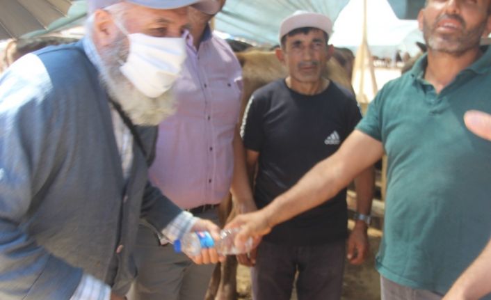 Kurban Bayramı’nın yaklaşması ile birlikte, Kayseri’de besiciler de pazarlarda çadırlarını kurmaya başladı. Pandemi dönemi olması sebebiyle sosyal mesafeli pazarlık yöntemlerine bir yenisi daha eklendi. Kurban almak isteyen müşteri ile pazarlık ederken sosyal mesafe için değnek bulamayan 15 senelik besici Ekrem Parlak, elindeki su şişesinin iki ucundan tutarak pazarlık yaptı.
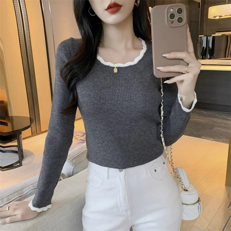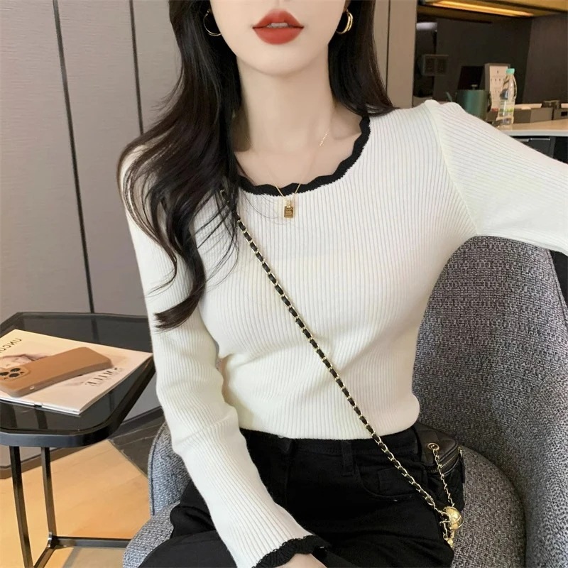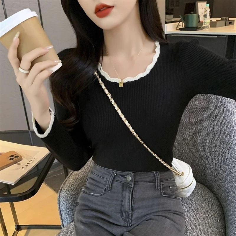 フリル付き インナー 着痩せ シンプル 長袖 カジュアル ファッション 秋の準備!ニット セーター トップス トップス 無地
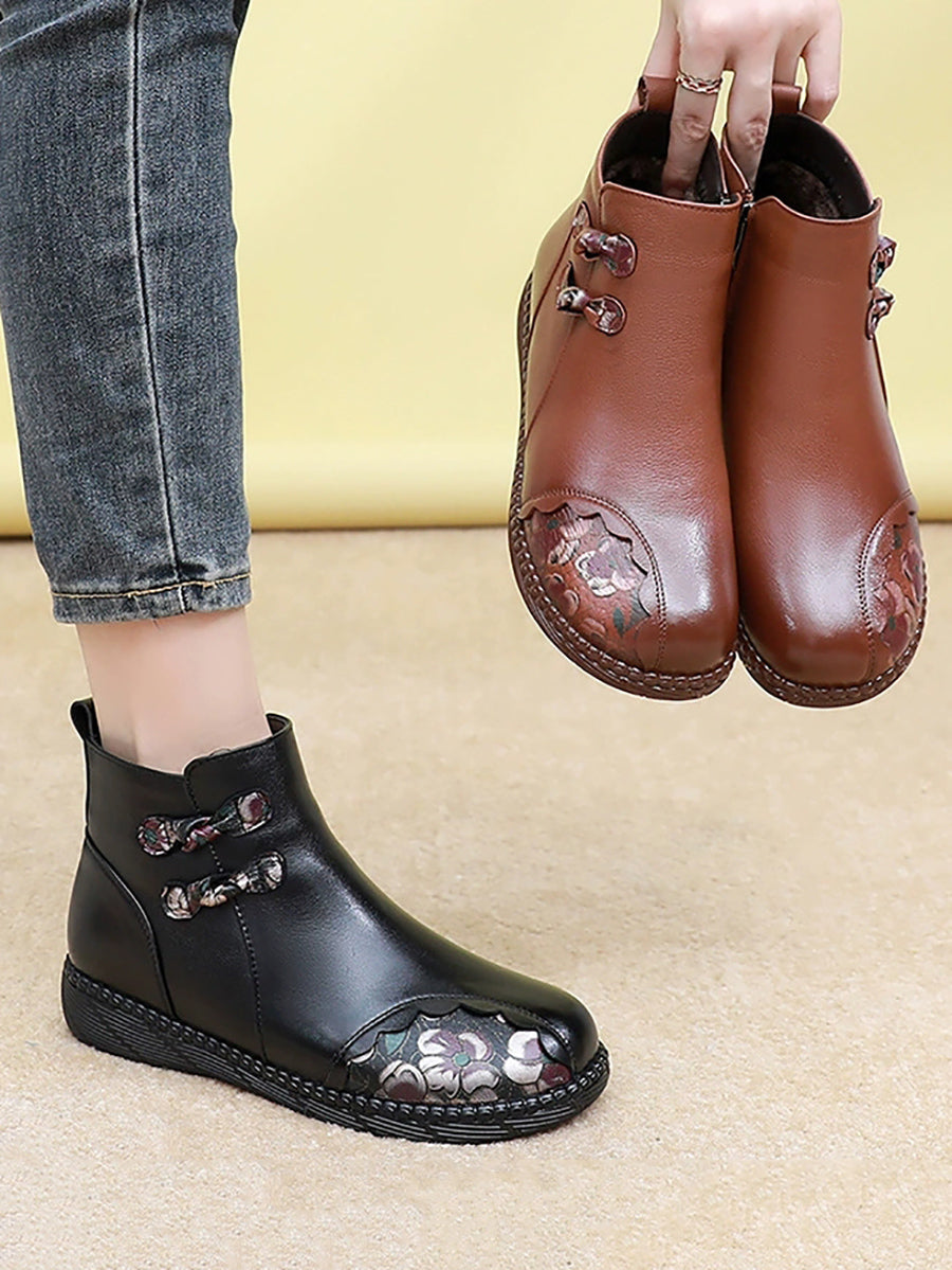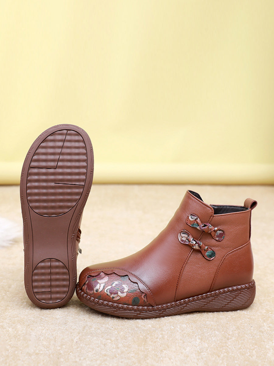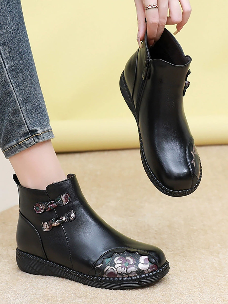 Women Winter Ethnic Flower Spliced Ankle Boots
⁂
ASSIGNMENT → Please reproduce each line of the listing above exactly, skipping pictures.

EXERCISE RESULT →
 Kurban Bayramı’nın yaklaşması ile birlikte, Kayseri’de besiciler de pazarlarda çadırlarını kurmaya başladı. Pandemi dönemi olması sebebiyle sosyal mesafeli pazarlık yöntemlerine bir yenisi daha eklendi. Kurban almak isteyen müşteri ile pazarlık ederken sosyal mesafe için değnek bulamayan 15 senelik besici Ekrem Parlak, elindeki su şişesinin iki ucundan tutarak pazarlık yaptı.
 フリル付き インナー 着痩せ シンプル 長袖 カジュアル ファッション 秋の準備!ニット セーター トップス トップス 無地
 Women Winter Ethnic Flower Spliced Ankle Boots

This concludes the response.